ABOUT THIS EXERCISE:
Every record must come back unchanged, apart from the pictures, which are dropped.

DATA:
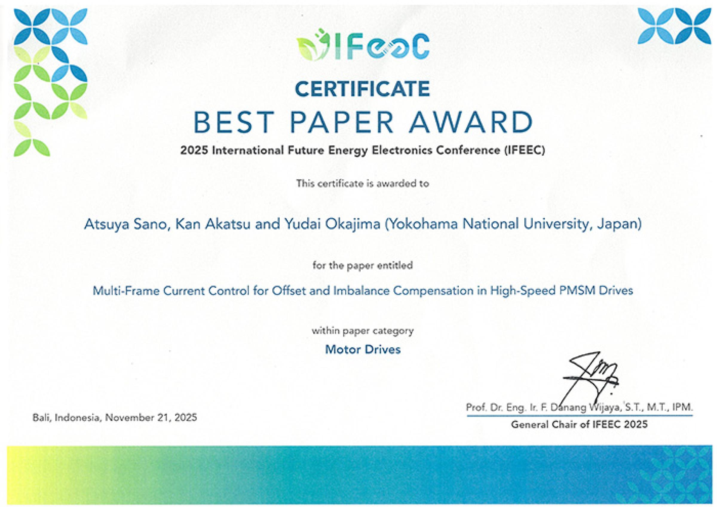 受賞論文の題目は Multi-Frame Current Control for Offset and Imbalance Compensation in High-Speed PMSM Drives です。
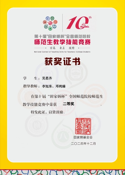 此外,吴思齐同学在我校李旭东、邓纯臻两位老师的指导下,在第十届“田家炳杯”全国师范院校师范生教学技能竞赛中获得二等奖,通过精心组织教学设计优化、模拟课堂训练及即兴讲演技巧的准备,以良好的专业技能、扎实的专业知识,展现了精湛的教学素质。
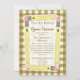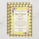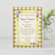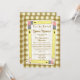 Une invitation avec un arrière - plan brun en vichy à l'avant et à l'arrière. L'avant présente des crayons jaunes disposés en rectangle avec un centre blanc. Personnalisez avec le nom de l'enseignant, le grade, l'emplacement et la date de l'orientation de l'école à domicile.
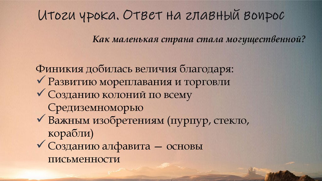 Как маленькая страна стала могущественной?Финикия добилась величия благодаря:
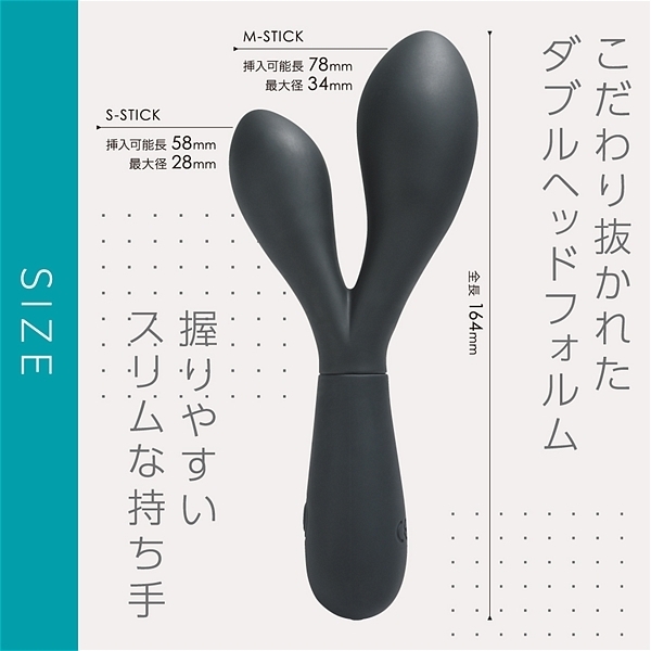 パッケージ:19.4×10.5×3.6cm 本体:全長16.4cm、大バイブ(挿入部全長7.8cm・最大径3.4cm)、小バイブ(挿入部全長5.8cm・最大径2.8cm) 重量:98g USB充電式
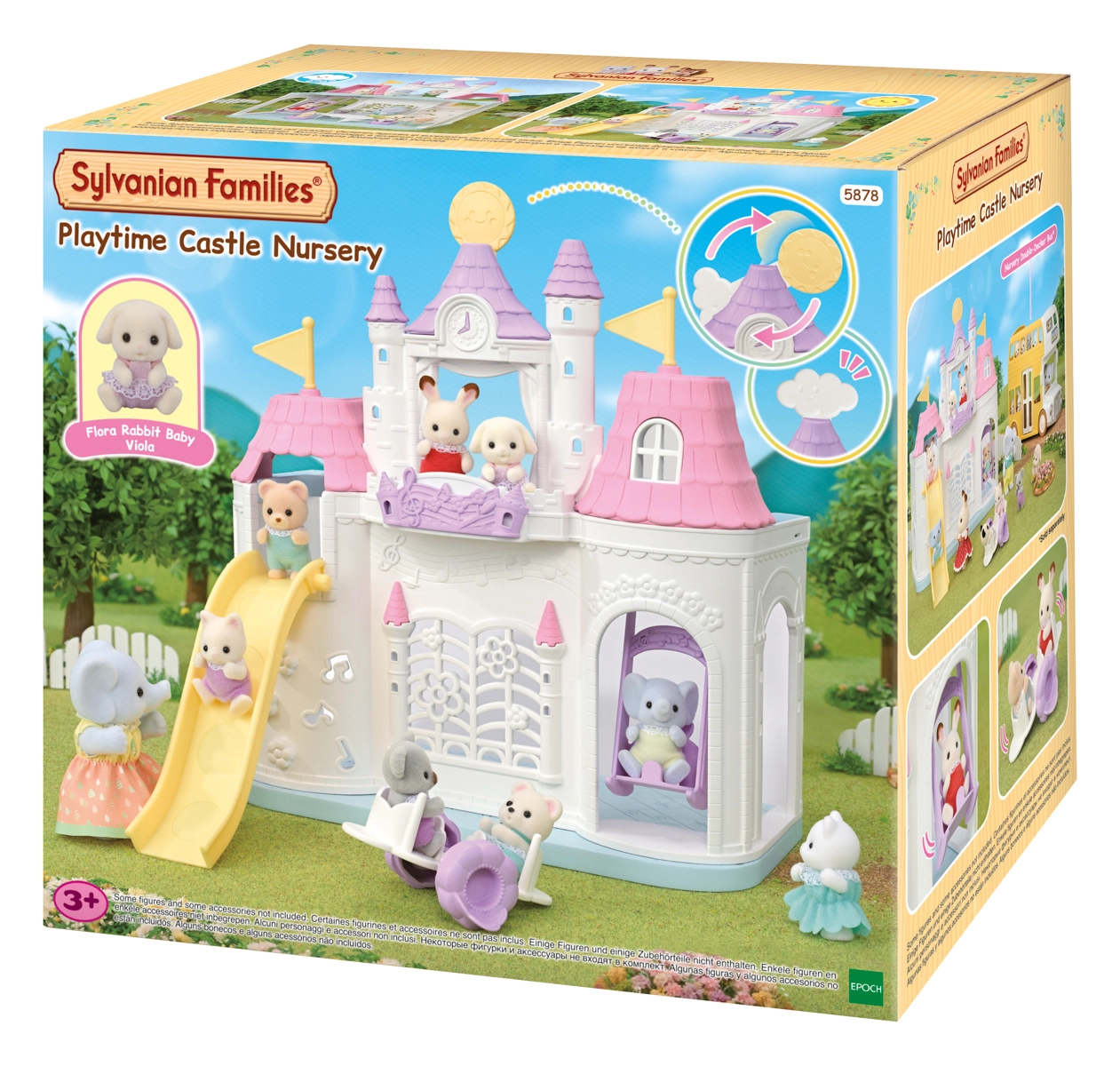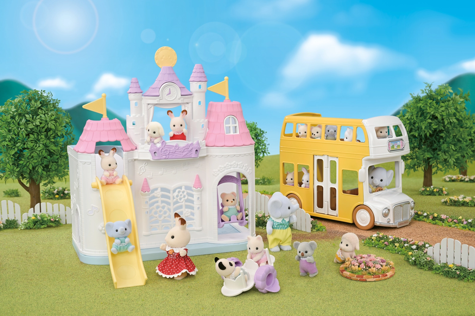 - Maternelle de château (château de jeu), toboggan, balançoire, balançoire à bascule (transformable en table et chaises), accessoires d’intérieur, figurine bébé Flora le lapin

TASK OUTPUT:
 受賞論文の題目は Multi-Frame Current Control for Offset and Imbalance Compensation in High-Speed PMSM Drives です。
 此外,吴思齐同学在我校李旭东、邓纯臻两位老师的指导下,在第十届“田家炳杯”全国师范院校师范生教学技能竞赛中获得二等奖,通过精心组织教学设计优化、模拟课堂训练及即兴讲演技巧的准备,以良好的专业技能、扎实的专业知识,展现了精湛的教学素质。
 Une invitation avec un arrière - plan brun en vichy à l'avant et à l'arrière. L'avant présente des crayons jaunes disposés en rectangle avec un centre blanc. Personnalisez avec le nom de l'enseignant, le grade, l'emplacement et la date de l'orientation de l'école à domicile.
 Как маленькая страна стала могущественной?Финикия добилась величия благодаря:
 パッケージ:19.4×10.5×3.6cm 本体:全長16.4cm、大バイブ(挿入部全長7.8cm・最大径3.4cm)、小バイブ(挿入部全長5.8cm・最大径2.8cm) 重量:98g USB充電式
 - Maternelle de château (château de jeu), toboggan, balançoire, balançoire à bascule (transformable en table et chaises), accessoires d’intérieur, figurine bébé Flora le lapin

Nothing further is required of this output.